Dieters often fail to keep off their hard-lost weight because their bodies become more efficient, burning up calories sparingly, a study shows.
The work confirms the long-held suspicion that the body's own metabolism conspires against a successful diet.It suggests that people inexorably gain back lost weight because their bodies need fewer calories, so they get stored as fat. They add pounds even though they seem to be eating and exercising sensibly.
"We think the body is resisting the new lower body weight," said Dr. Rudolph L. Liebel of Rockefeller University, who directed the study.
His work, being published in Thursday's issue of the New England Journal of Medicine, was based on painstaking analysis of the food consumption, energy expenditure and weight of volunteers, 18 of them obese and 23 people who had never been overweight.
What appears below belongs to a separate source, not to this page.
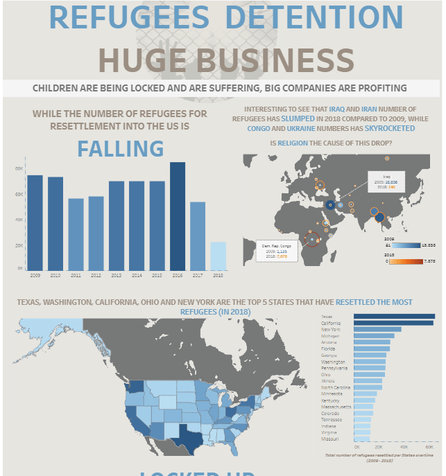 To explain how it started, after finishing my IronViz Refugees work, I decided to post it to Reddit dataisbeautiful to get feedback, engage and generate some discussion around this important topic. ie refugees and kids detained and companies making profit.

They found that the body reacts identically to weight change - whether they gain weight or lose it - in both fat people and thin.
However, when the overweight people lose pounds, their bodies need considerably less energy to meet their needs than do those who have always been at the lower size. They even need less energy to exercise.
When they lost 10 percent of their body weight, the volunteers' bodies compensated by burning up 15 percent fewer calories than would be expected. When they increased their weight by 10 percent, they used up 15 percent more calories than would be expected.
In an accompanying editorial, Dr. William Ira Bennet of Cambridge Hospital said the study shows that "the body has a complex, highly sophisticated system for regulating its fat stores."
Liebel said his work suggests that the body has a built-in weight target that it tries to hold.